Response by poster: Everyone: wow - many thanks for wit and enthusiasm. The martini sounds like my kind of ratio's; I am ashamed I never shook one up for myself. Interesting that Marcella Hazan has (kind of) turned up three times. I am definitely going to try the lamb; a nice Welsh leg. And I have always wanted to make meatloaf (not an English food). I think the Reuben ingredients are too much to ask for while I am in England., but next time I am over there.....

Shane: thank you. Forgiven. Especially since your post was so funny. How does the soy sauce not make the bread soggy?

AwkwardPause: my partner (who does the cooking) will post the lamb chop recipe.
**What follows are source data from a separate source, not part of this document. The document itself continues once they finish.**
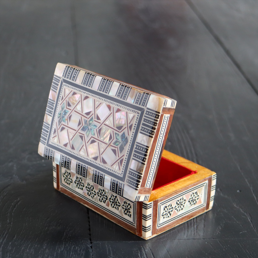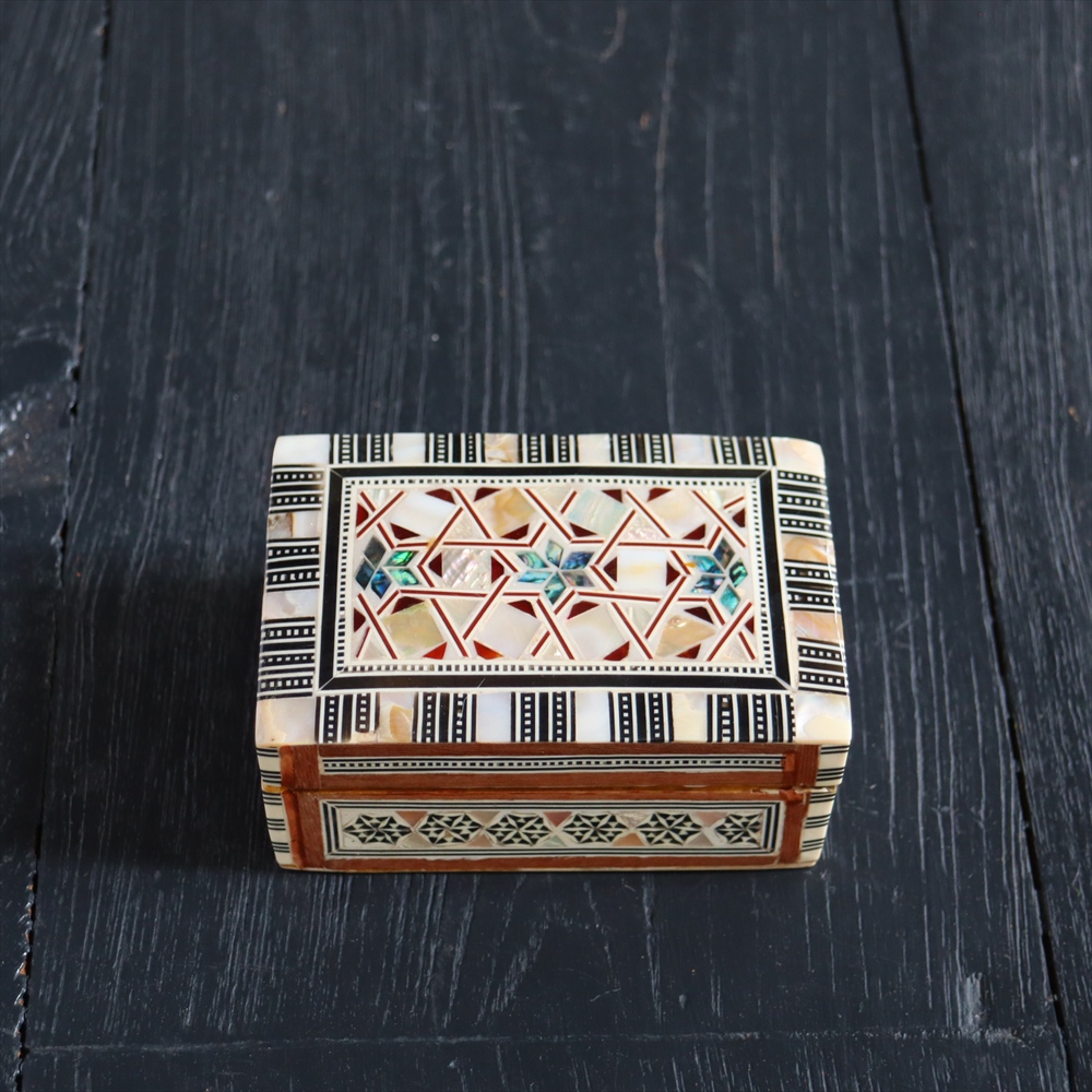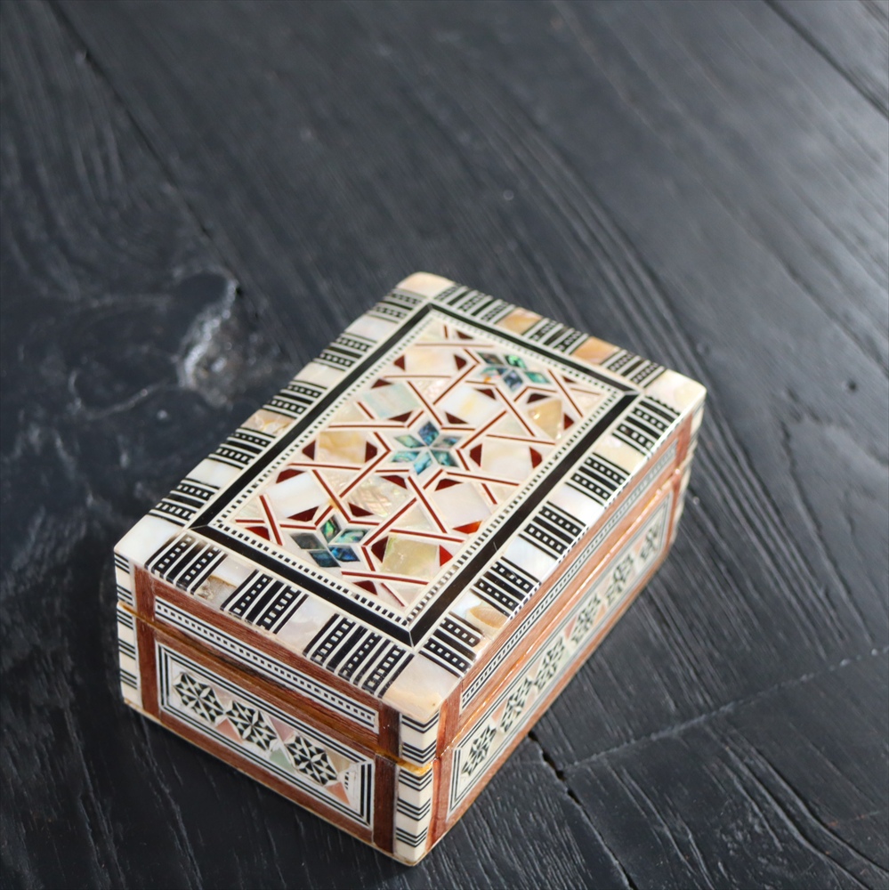 オスマン帝国時代にトルコ南部やシリアから伝えられた伝統工芸品の螺鈿細工。現在はカイロで作られ、中東エリアの広い地域に装飾品として輸出されています。真珠母貝(主にアコヤガイ)の貝殻の内側の真珠質をはめ込んだ煌めく宝石箱です。
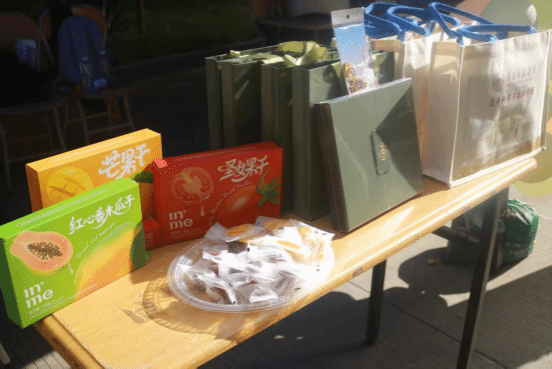 现场还有纪念礼盒、自产果干套装、为启程加油
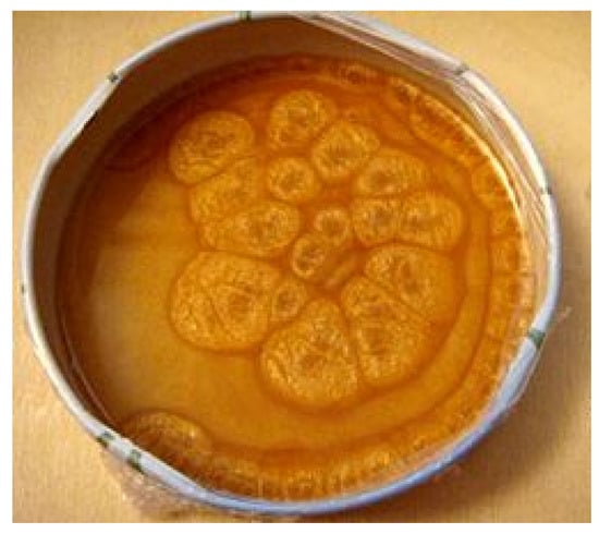 One problem of self-organization in fluid mechanics that has been studied extensively is the problem of Benard convection [36,37,38,39]. The out-of-equilibrium state of a fluid heated from below, upon sufficiently large departure from thermal equilibrium, results in convection in the fluid, giving rise to organized motion and the well-known Rayleigh–Benard cells on the liquid’s surface (see Figure 2). It has been argued that convective rolls serve the purpose of dissipating the excess thermal energy within the system, at the fastest rate possible, when the system is sufficiently far from thermodynamic equilibrium () [40]; below this threshold (), conductive heat transfer suffices. From a thermodynamic perspective, the particular mechanism of energy flow in systems not too far from thermal equilibrium has been described by the Constructal Law [40,41,42] as being “tree-like”, which is precisely how conduction is typically visualized. A comparison of the rate of entropy production (indicated as ) between conduction and convection shows that:
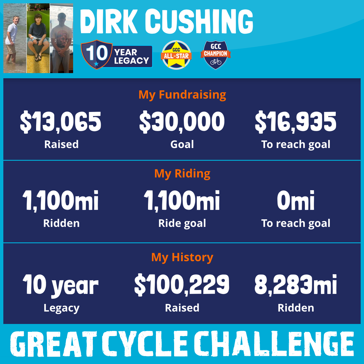 This will be my tenth year riding in the Great Cycle Challenge. And throughout the years I have teamed up with Joe, Avery, Lucas, and Samuel. And the one thing all of these young people have in common is that they all kicked cancer's butt! Two years ago I rode for Aubrey. This courageous young lady lost her fight with this terrible disease. For Logan, the brother of Samuel and Lucas, the battle is ongoing. You can follow his fight as well as the most recent updates on Samuel and Lucas at https://www.facebook.com/keepingSamuelStrong or "Logan, Lucas and Samuel fight on"
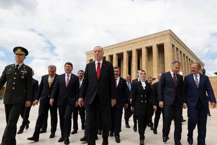 Cumhurbaşkanı Recep Tayyip Erdoğan, yeni Kabine üyeleriyle birlikte Anıtkabir’i ziyaret etti. Aslanlı Yol'dan yürüyerek Atatürk'ün mozolesine çıkan Erdoğan'a, Cumhurbaşkanı Yardımcısı Cevdet Yılmaz, Adalet Bakanı Yılmaz Tunç, Aile ve Sosyal Hizmetler Bakanı Mahinur Özdemir Göktaş, Çalışma ve Sosyal Güvenlik Bakanı Vedat Işıkhan, Çevre, Şehircilik ve İklim Değişikliği Bakanı Mehmet Özhaseki, Dışişleri Bakanı Hakan Fidan, Enerji ve Tabii Kaynaklar Bakanı Alparslan Bayraktar, Gençlik ve Spor Bakanı Osman Aşkın Bak, Hazine ve Maliye Bakanı Mehmet Şimşek, İçişleri Bakanı Ali Yerlikaya, Kültür ve Turizm Bakanı Mehmet Nuri Ersoy, Millî Eğitim Bakanı Yusuf Tekin, Millî Savunma Bakanı Yaşar Güler, Sağlık Bakanı Fahrettin Koca, Sanayi ve Teknoloji Bakanı Mehmet Fatih Kacır, Tarım ve Orman Bakanı İbrahim Yumaklı, Ticaret Bakanı Ömer Bolat, Ulaştırma ve Altyapı Bakanı Abdulkadir Uraloğlu, Cumhurbaşkanlığı İletişim Başkanı Fahrettin Altun, Cumhurbaşkanlığı Özel Kalem Müdürü Hasan Doğan da eşlik etti.
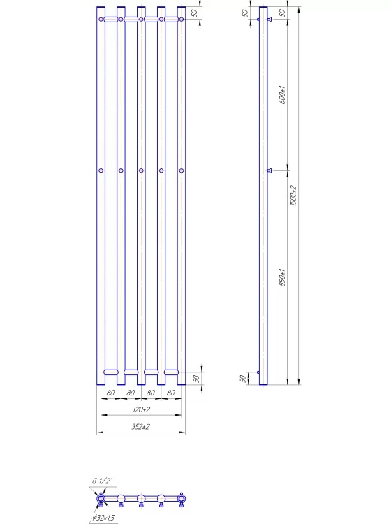 Водяна рушникосушарка INOX Туб 1500х352/320 полірована
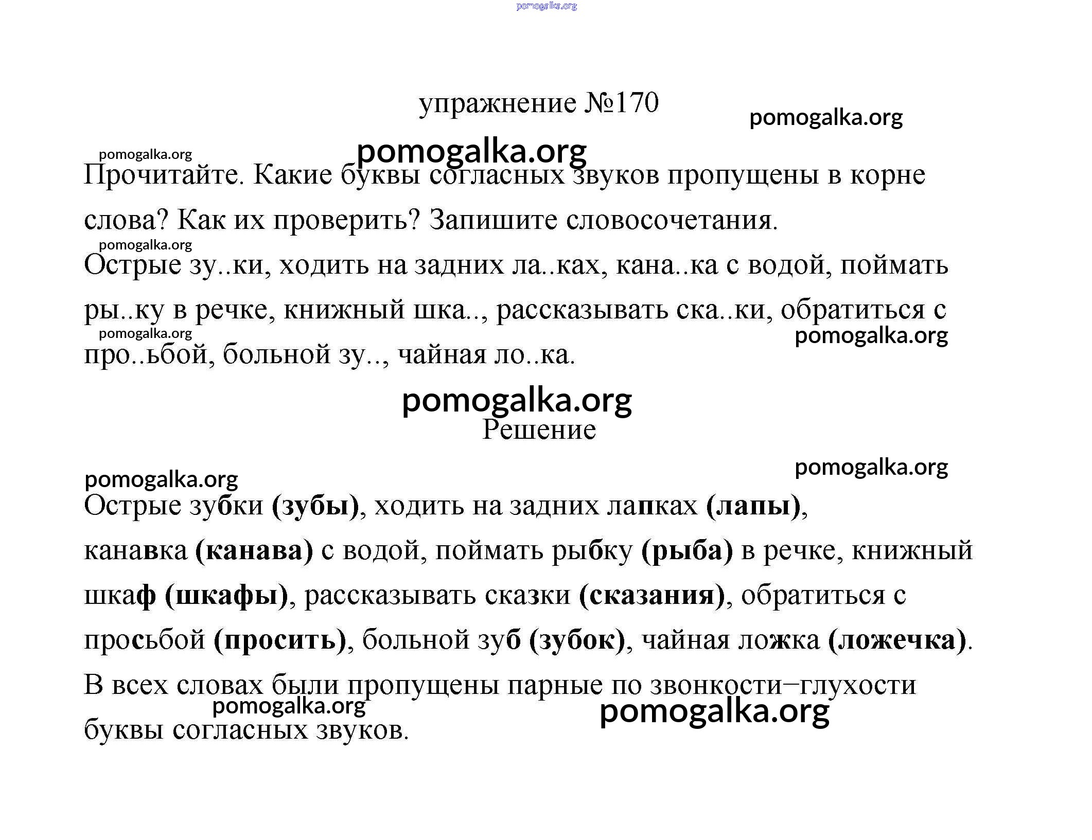 Готовые ответы - Русский язык 3 класс Климанова (учебник новый) - упражнение часть 1 170
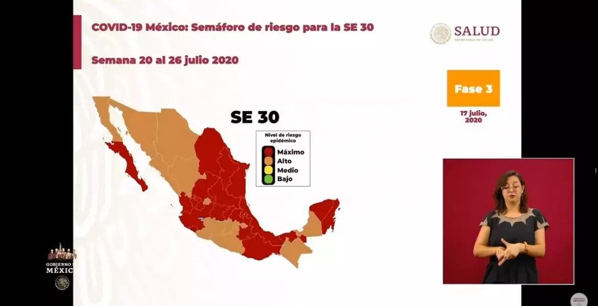 Morelos, por su parte, permanecerá otra semana más en naranja, del 20 al 26 de julio.
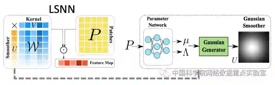 局部平滑神经网络和局部连接神经网络一样,在不同的局部区域,会有不同的参数,但是对于局部平滑神经网络而言,相邻的局部区域间的参数被一个空间分布所约束。我们将所有的参数看做W,那么在卷积神经网络中所有局部区域的W是相同的,在局部连接神经网络中所有局部参数是独立的,而在局部平滑神经网络中W是由一个空间分布函数U和一个共享的局部算子V共同决定的。
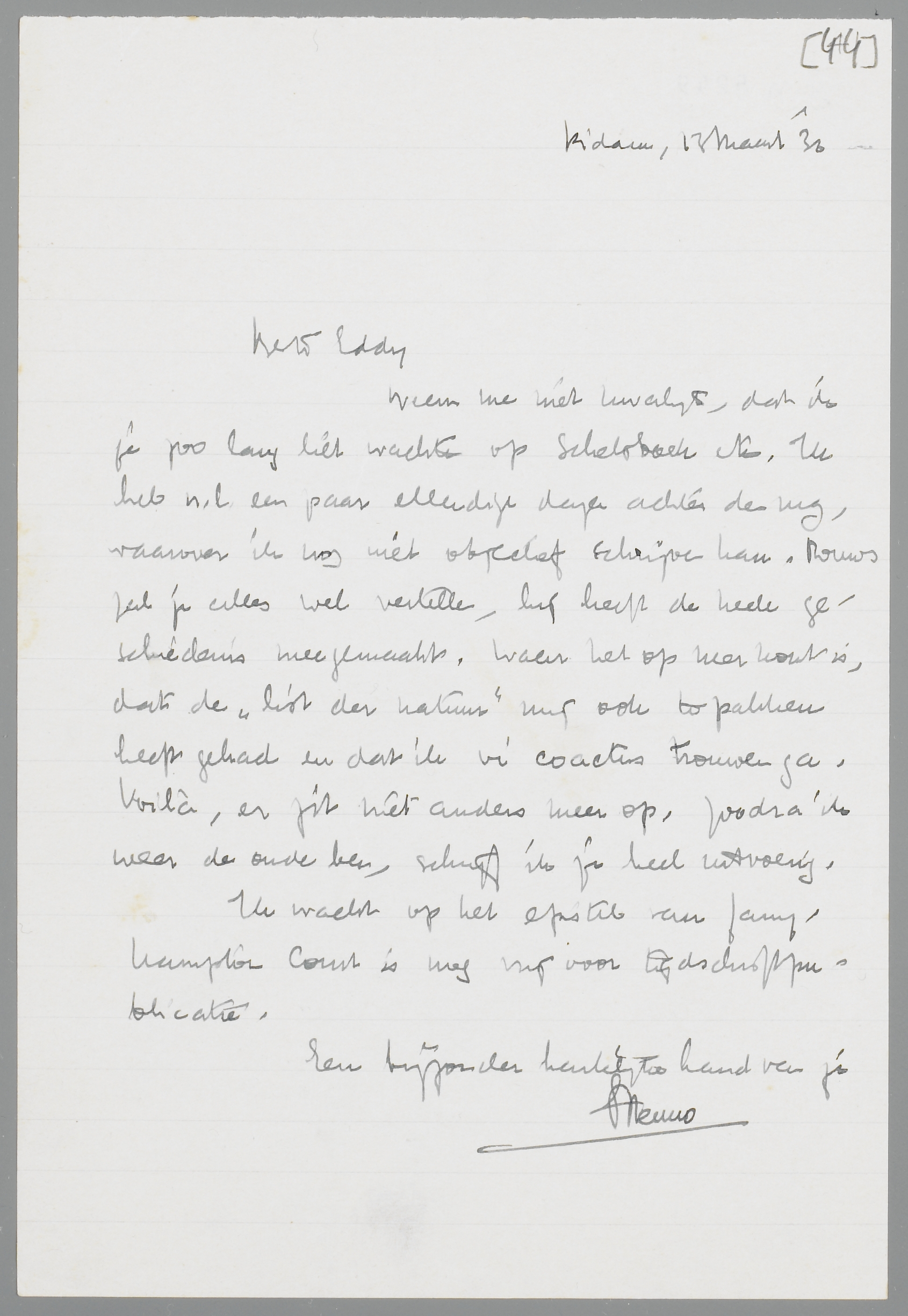 Neem me niet kwalijk, dat ik je zoo lang liet wachten op Schetsboek etc. Ik heb n.l. een paar ellendige dagen achter den rug, waarover ik nog niet objectief schrijven kan.
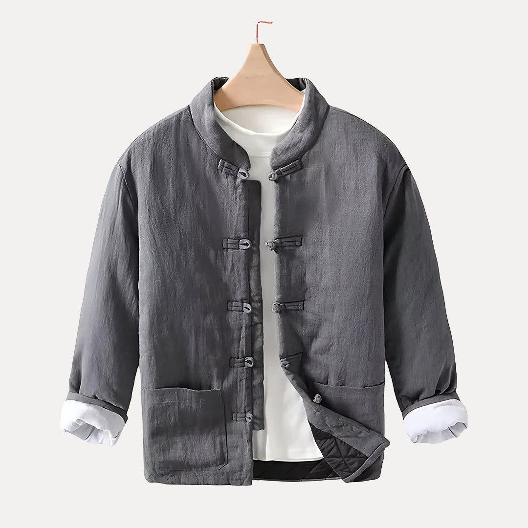 Casual Quilted Jacket for Men with Mandarin Collar in Linen – Comfort and Style
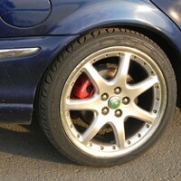 Ještě před tím, než se kola nastrojily „papučemi“ o rozměrech 225/40 ZR18, tak jsme chtěli, aby brzdiče za těmi sedmipaprskovými BBS kolami Monaco vypadaly co nejlépe. Rozhodli jsme se tedy je trochu renovovat. Postupně se udělala nejprve jedna a pak druhá strana, kdy auto bylo na špalkách, kola sundané a kompletně rozebrané třmeny, držáky třmenů a kotouče. Důkladně se vše očistilo, odmastilo a pak se držáky a třmeny lakovaly do dnešní podoby.

ssmith: someone really used a cedar plank? It sounds wonderful. Oops - my partner just said " oh yes, the plank - that's wonderful - they do it in the Pacific NorthWest. They learnt it from the Indians, they say".... So this is tried and tested and where can I get cedar planks......?

SpaceCadet: we use this! Isn't it hot! More often, actually, we use the Panang (more garlicky) of the same brand. We get it from one of the two main supermarkets in China Town in London.

Finally, i_am_joe's_spleen: I will try this as a side dish. I once had a fantastic mushroom soup in Poland in 1990 which was idealy salted and nicely garlicked and in which (most importantly I believe) the mushrooms had been perfectly cooked. I know there's an art to this (or rather, a science?) so thank you for this link.
posted by suleikacasilda at 3:00 PM on September 29, 2004

Well, since I happen to be suleikacasilda's SO, and I do the vast majority of the cooking, allow me to post the lamb chop recipe.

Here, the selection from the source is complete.